Mit den offiziellen Festansprachen wurde nun auf der Festbühne der letzte Akt der Feierlichkeiten eingeleitet. Schulleiter David Zimmermann, Alfred Scherer, der Leiter der Musikschule, sowie Urs Berger, der Präsident der Kreisschulpflege Waidberg, dankten in ihren Festreden der Stadt Zürich als Bauherrin sowie allen, die am Bau beteiligt gewesen waren, für den gelungenen Umbau: den Architekten, der Bauleitung, den Landschaftsarchitekten für die Neugestaltung des Aussenraums sowie Eltern, Lehrpersonen und natürlich den Kindern für ihre Geduld während des Umbaus.

Ein feuriger Abschluss

Auch für ihre Geduld während der Festansprachen wurden die Kinder belohnt: Zum Abschluss des Abends verwandelte sich die Festbühne für sie in eine Disco.
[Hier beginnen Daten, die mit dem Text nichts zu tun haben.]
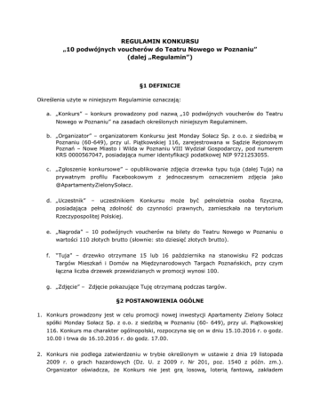 REGULAMIN KONKURSU „10 podwójnych voucherów do Teatru Nowego w Poznaniu” (dalej „Regulamin”) §1 DEFINICJE Określenia użyte w niniejszym Regulaminie oznaczają: a. „Konkurs” – konkurs prowadzony pod nazwą „10 podwójnych voucherów do Teatru Nowego w Poznaniu” na zasadach określonych niniejszym Regulaminem. b. „Organizator” – organizatorem Konkursu jest Monday Sołacz Sp. z o.o. z siedzibą w Poznaniu (60-649), przy ul. Piątkowskiej 116, zarejestrowana w Sądzie Rejonowym Poznań – Nowe Miasto i Wilda w Poznaniu VIII Wydział Gospodarczy, pod numerem KRS 0000567047, posiadająca numer identyfikacji podatkowej NIP 9721253055. c. „Zgłoszenie konkursowe” – opublikowanie zdjęcia drzewka typu tuja (dalej Tuja) na prywatnym profilu Facebookowym z jednoczesnym oznaczeniem zdjęcia jako @ApartamentyZielonySołacz. d. „Uczestnik” – uczestnikiem Konkursu może być pełnoletnia osoba fizyczna, posiadająca pełną zdolność do czynności prawnych, zamieszkała na terytorium Rzeczypospolitej Polskiej. e. „Nagroda” – 10 podwójnych voucherów na bilety do Teatru Nowego w Poznaniu o wartości 110 złotych brutto (słownie: sto dziesięć złotych brutto). f. “Tuja” – drzewko otrzymane 15 lub 16 października na stanowisku F2 podczas Targów Mieszkań i Domów na Międzynarodowych Targach Poznańskich, przy czym łączna liczba drzewek przewidzianych w promocji wynosi 100. g. „Zdjęcie” – Zdjęcie pokazujące Tuję otrzymaną podczas targów. §2 POSTANOWIENIA OGÓLNE 1. Konkurs prowadzony jest w celu promocji nowej inwestycji Apartamenty Zielony Sołacz spółki Monday Sołacz Sp. z o.o. z siedzibą w Poznaniu (60- 649), przy ul. Piątkowskiej 116. Konkurs ma charakter ogólnopolski, rozpoczyna się on w dniu 15.10.2016 r. o godz. 10.00 i trwa do 16.10.2016 r. do godz. 17.00. 2. Konkurs nie podlega zatwierdzeniu w trybie określonym w ustawie z dnia 19 listopada 2009 r. o grach hazardowych (Dz. U. z 2009 r. Nr 201, poz. 1540 z późn. zm.). Organizator oświadcza, że Konkurs nie jest grą losową, loterią fantową, zakładem wzajemnym, loterią promocyjną, której wynik zależy od przypadku, ani żadną inną formą przewidzianą w ustawie z dnia 19 listopada 2009 r. o grach hazardowych. 3. Konkurs będzie prowadzony i dostępny za pośrednictwem fanpage’y: Apartamenty Zielony Sołacz https://www.facebook.com/ApartamentyZielonySolacz/ oraz Monday Development: https://www.facebook.com/MondayDevelopment/ Uczestnikiem Konkursu, na warunkach określonych w Regulaminie Konkursu, może być każda osoba fizyczna, powyżej 18 roku życia, posiadająca pełną zdolność do czynności prawnych, zamieszkała na terytorium Rzeczypospolitej Polski. 4. W Konkursie nie mogą brać udziału: Organizator, pracownicy Organizatora, jak również ich małżonkowie, zstępni, wstępni oraz rodzeństwo. 5. W trakcie trwania Konkursu Organizator może przesyłać Uczestnikom, za pomocą środków komunikacji elektronicznej, wiadomości związane z przebiegiem Konkursu. 6. Uczestnictwo w Konkursie jest dobrowolne. 7. Uczestnik może wziąć udział w Konkursie jeden raz w trakcie trwania Konkursu. §3 ZASADY PROWADZENIA KONKURSU 1. Aby wziąć udział w Konkursie należy spełnić łącznie następujące warunki: a. Zapoznać się z treścią Regulaminu Konkursu dostępnym na stoisku F2 Targów Mieszkań i Domów w dniach 15-16.10.2016 r. oraz na stronie www.zielonysolacz.pl b. Opublikować publicznie zdjęcie Tui na prywatnym profilu Facebookowym, wraz z oznaczeniem inwestycji @ApartamentyZielonySołacz 2. Spełnienie warunków określonych w ustępie 1 pkt a-b niniejszego paragrafu stanowi zgłoszenie (zwane dalej „Zgłoszeniem Konkursowym”). 3. Nadesłane Zgłoszenia Konkursowe nie mogą zawierać treści wulgarnych, obraźliwych lub naruszających dóbr osobistych innych osób. 4. Zgłoszenia Konkursowe niespełniające wymogów określonych w § 3 ust. 1 lub § 3 ust. 3 nie będą przyjmowane. 5. Uczestnicy Konkursu są zobowiązani do przestrzegania niniejszego Regulaminu. Nieprzestrzeganie Regulaminu może skutkować wykluczeniem Uczestnika z udziału w Konkursie. §4 PRAWA AUTORSKIE 1. Organizator jako przyrzekający nagrodę zastrzega, że nabywa własność i prawa autorskie w stosunku do nagrodzonego Zdjęcia. Niezależnie od tego Uczestnik oświadcza, iż w dniu wyłonienia go przez Komisję Konkursową jako Zwycięzcę – przeniesione zostają, bez konieczności składania dodatkowych oświadczeń, nieodpłatnie na Monday Sołacz Sp. z o.o. autorskie prawa majątkowe do nieograniczonego w czasie i terytorialnie korzystania i rozporządzania Zdjęciem na następujących polach eksploatacji: 1) w zakresie utrwalania i zwielokrotniania utworu - wytwarzanie określoną techniką egzemplarzy utworu, w tym techniką drukarską, reprograficzną, zapisu magnetycznego oraz techniką cyfrową; 2) w zakresie obrotu oryginałem albo egzemplarzami, na których utwór utrwalono wprowadzanie do obrotu, użyczenie lub najem oryginału albo egzemplarzy; 3) w zakresie rozpowszechniania utworu w sposób inny niż określony w pkt 2 - publiczne wykonanie, wystawienie, wyświetlenie, odtworzenie oraz nadawanie i reemitowanie, a także publiczne udostępnianie utworu w taki sposób, aby każdy mógł mieć do niego dostęp w miejscu i w czasie przez siebie wybranym. §5 NAGRODY W KONKURSIE I SPOSÓB ICH PRZYZNANIA 1. W ramach Konkursu przewidziane są następujące nagrody: a. Po zakończeniu trwania Konkursu, nie później jednak niż do 19.10.2016 r., powołana przez Organizatora Komisja Konkursowa składająca się z przedstawicieli (zwana dalej „Komisją Konkursową”), spośród Uczestników wybierze 10 osób, które opublikowały najciekawsze Zdjęcie w oparciu o subiektywne kryterium kreatywności (zwanymi dalej „Laureatami”). Każdy z Laureatów otrzyma Nagrodę w postaci Podwójnego Vouchera na Bilet do Teatru Nowego w Poznaniu 2. Do zadań

Hier konnten sie die, angesichts der fortschreitenden Uhrzeit, bei dem einen oder anderen aufkommende Müdigkeit noch einmal so richtig ausgelassen wegtanzen, bevor die Schulleitung das «Bläsi-Lied» anstimmte und den Startschuss zum grossen Finale, der von allen mit Spannung erwarteten Überraschung, gab. Funkelnd leuchtete über dem Dach des Schwimmbads ein farbenfrohes Feuerwerk auf und wurde von den Zuschauern mit begeistertem Applaus quittiert. Das neue, alte Schulhaus Bläsi ist damit offiziell eingeweiht.